Aim of the task: Can you copy out the data exactly? Leave the images out.
────
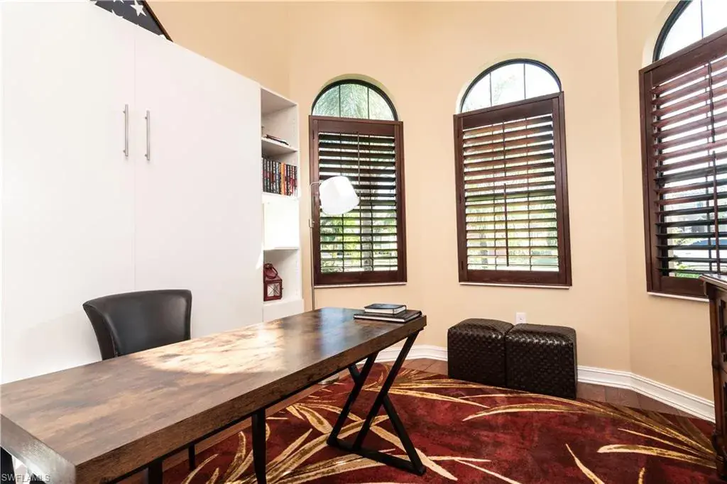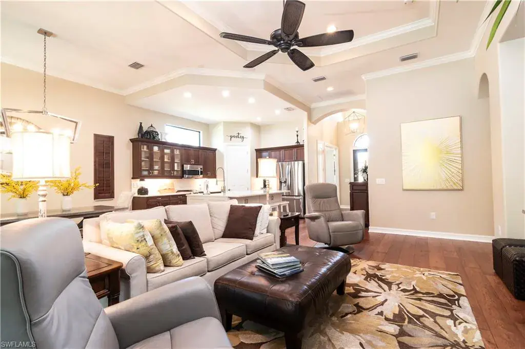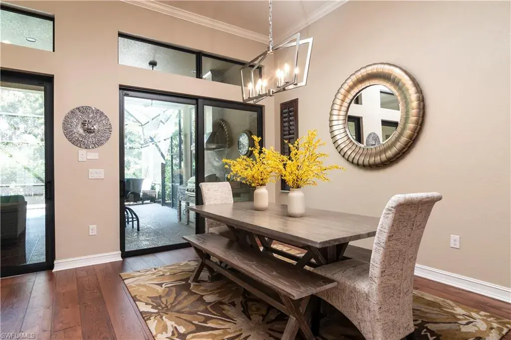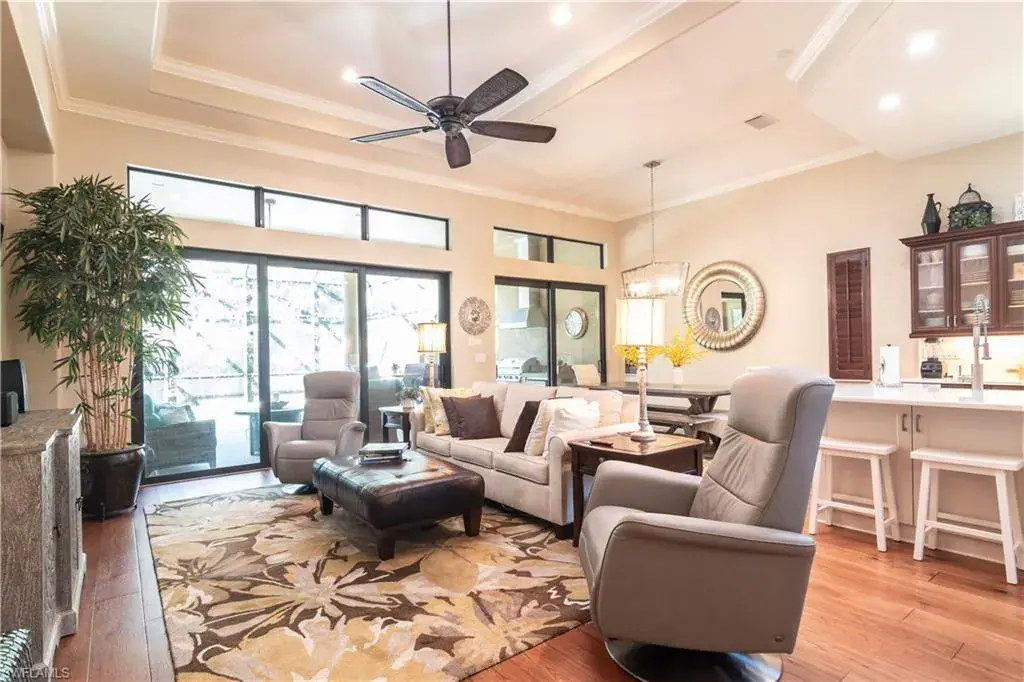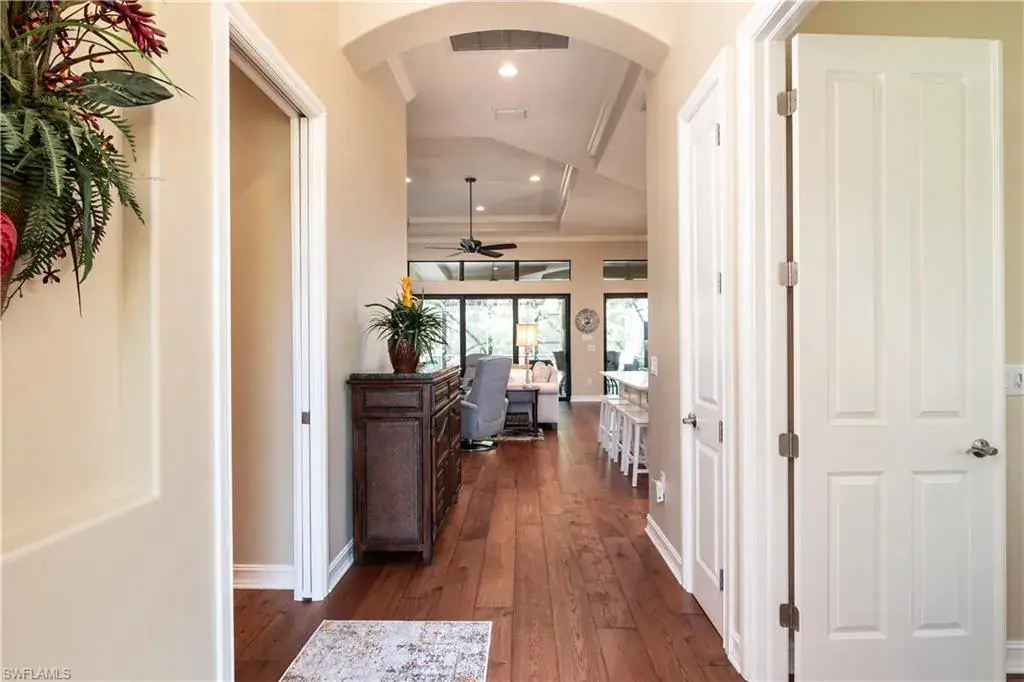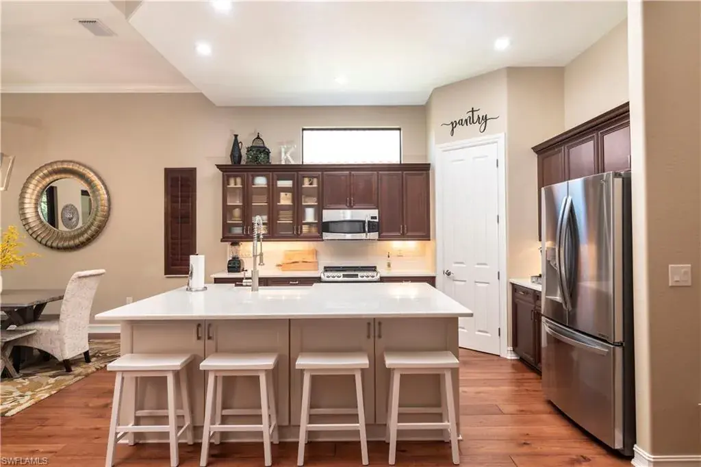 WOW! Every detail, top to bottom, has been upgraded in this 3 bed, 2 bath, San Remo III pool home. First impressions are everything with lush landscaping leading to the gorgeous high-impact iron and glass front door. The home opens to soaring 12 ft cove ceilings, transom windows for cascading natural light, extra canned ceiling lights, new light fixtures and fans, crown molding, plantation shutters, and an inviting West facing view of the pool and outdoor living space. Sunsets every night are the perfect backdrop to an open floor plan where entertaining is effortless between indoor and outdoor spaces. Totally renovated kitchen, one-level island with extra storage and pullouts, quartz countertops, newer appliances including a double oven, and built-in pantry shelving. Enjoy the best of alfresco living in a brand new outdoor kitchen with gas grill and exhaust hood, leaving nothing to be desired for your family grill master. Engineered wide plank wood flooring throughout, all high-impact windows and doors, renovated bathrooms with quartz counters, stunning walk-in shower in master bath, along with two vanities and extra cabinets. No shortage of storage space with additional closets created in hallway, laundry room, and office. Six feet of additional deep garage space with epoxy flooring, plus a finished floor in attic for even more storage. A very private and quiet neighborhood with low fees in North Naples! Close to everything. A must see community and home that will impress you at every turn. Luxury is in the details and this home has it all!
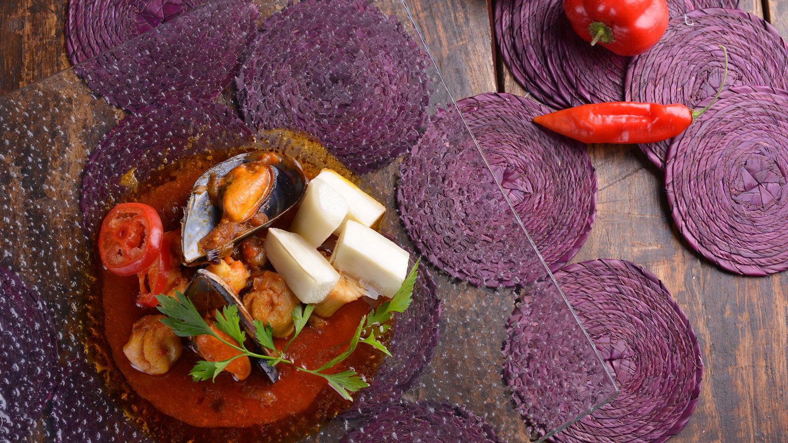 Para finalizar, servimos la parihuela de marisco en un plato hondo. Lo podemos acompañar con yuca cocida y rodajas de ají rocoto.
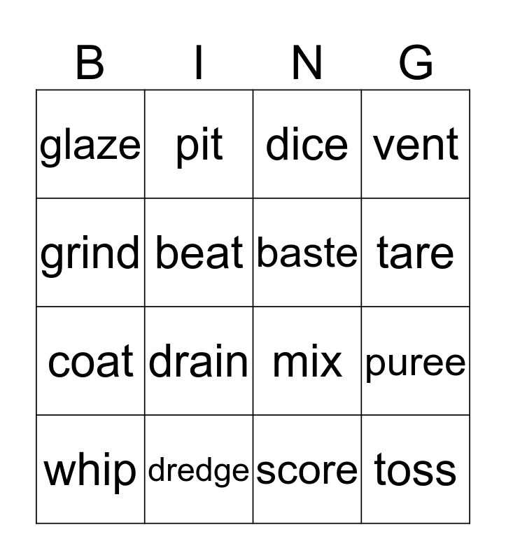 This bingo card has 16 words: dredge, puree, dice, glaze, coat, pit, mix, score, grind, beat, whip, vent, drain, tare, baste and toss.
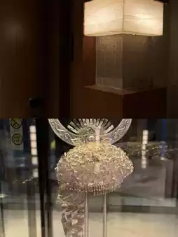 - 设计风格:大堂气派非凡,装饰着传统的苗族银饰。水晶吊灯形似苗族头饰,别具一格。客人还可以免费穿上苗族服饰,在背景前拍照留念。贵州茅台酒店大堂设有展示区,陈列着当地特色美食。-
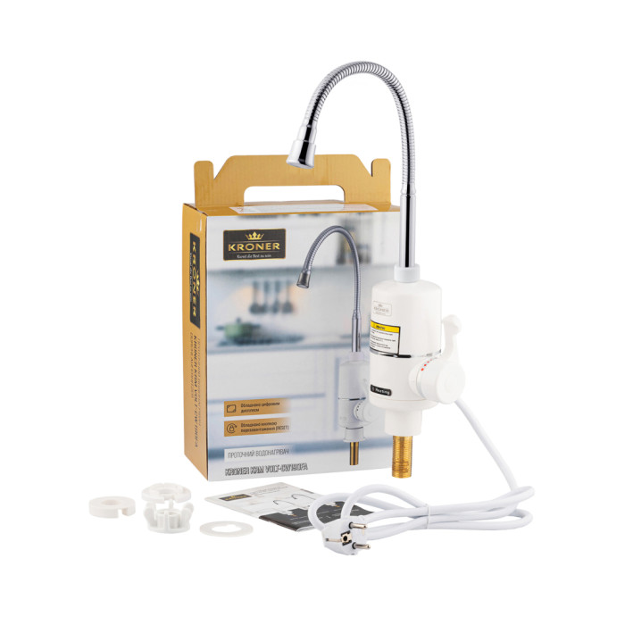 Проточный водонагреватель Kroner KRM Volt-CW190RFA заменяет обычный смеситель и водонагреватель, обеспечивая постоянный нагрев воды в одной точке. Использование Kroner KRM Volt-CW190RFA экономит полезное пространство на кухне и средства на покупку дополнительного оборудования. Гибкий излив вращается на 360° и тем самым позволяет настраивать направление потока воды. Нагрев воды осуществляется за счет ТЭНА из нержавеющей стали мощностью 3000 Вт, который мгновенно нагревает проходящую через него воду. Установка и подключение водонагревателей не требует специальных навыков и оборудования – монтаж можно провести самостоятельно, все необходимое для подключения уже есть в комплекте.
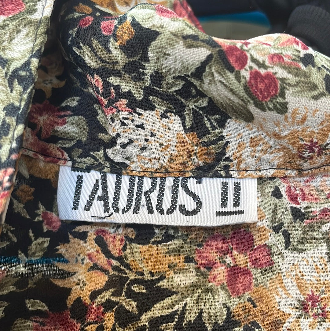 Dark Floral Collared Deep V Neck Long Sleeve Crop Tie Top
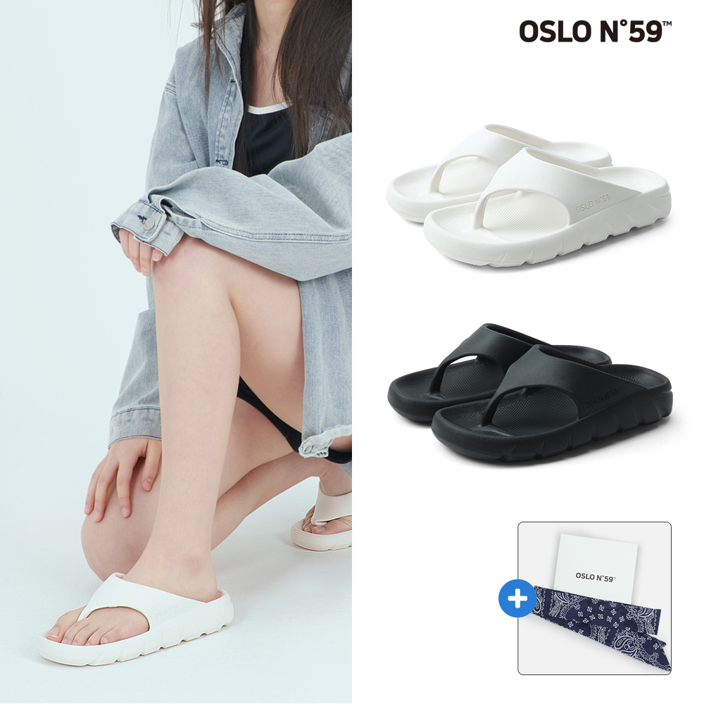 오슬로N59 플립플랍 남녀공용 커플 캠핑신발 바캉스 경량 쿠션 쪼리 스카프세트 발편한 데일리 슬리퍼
────
Exercise result:
 WOW! Every detail, top to bottom, has been upgraded in this 3 bed, 2 bath, San Remo III pool home. First impressions are everything with lush landscaping leading to the gorgeous high-impact iron and glass front door. The home opens to soaring 12 ft cove ceilings, transom windows for cascading natural light, extra canned ceiling lights, new light fixtures and fans, crown molding, plantation shutters, and an inviting West facing view of the pool and outdoor living space. Sunsets every night are the perfect backdrop to an open floor plan where entertaining is effortless between indoor and outdoor spaces. Totally renovated kitchen, one-level island with extra storage and pullouts, quartz countertops, newer appliances including a double oven, and built-in pantry shelving. Enjoy the best of alfresco living in a brand new outdoor kitchen with gas grill and exhaust hood, leaving nothing to be desired for your family grill master. Engineered wide plank wood flooring throughout, all high-impact windows and doors, renovated bathrooms with quartz counters, stunning walk-in shower in master bath, along with two vanities and extra cabinets. No shortage of storage space with additional closets created in hallway, laundry room, and office. Six feet of additional deep garage space with epoxy flooring, plus a finished floor in attic for even more storage. A very private and quiet neighborhood with low fees in North Naples! Close to everything. A must see community and home that will impress you at every turn. Luxury is in the details and this home has it all!
 Para finalizar, servimos la parihuela de marisco en un plato hondo. Lo podemos acompañar con yuca cocida y rodajas de ají rocoto.
 This bingo card has 16 words: dredge, puree, dice, glaze, coat, pit, mix, score, grind, beat, whip, vent, drain, tare, baste and toss.
 - 设计风格:大堂气派非凡,装饰着传统的苗族银饰。水晶吊灯形似苗族头饰,别具一格。客人还可以免费穿上苗族服饰,在背景前拍照留念。贵州茅台酒店大堂设有展示区,陈列着当地特色美食。-
 Проточный водонагреватель Kroner KRM Volt-CW190RFA заменяет обычный смеситель и водонагреватель, обеспечивая постоянный нагрев воды в одной точке. Использование Kroner KRM Volt-CW190RFA экономит полезное пространство на кухне и средства на покупку дополнительного оборудования. Гибкий излив вращается на 360° и тем самым позволяет настраивать направление потока воды. Нагрев воды осуществляется за счет ТЭНА из нержавеющей стали мощностью 3000 Вт, который мгновенно нагревает проходящую через него воду. Установка и подключение водонагревателей не требует специальных навыков и оборудования – монтаж можно провести самостоятельно, все необходимое для подключения уже есть в комплекте.
 Dark Floral Collared Deep V Neck Long Sleeve Crop Tie Top
 오슬로N59 플립플랍 남녀공용 커플 캠핑신발 바캉스 경량 쿠션 쪼리 스카프세트 발편한 데일리 슬리퍼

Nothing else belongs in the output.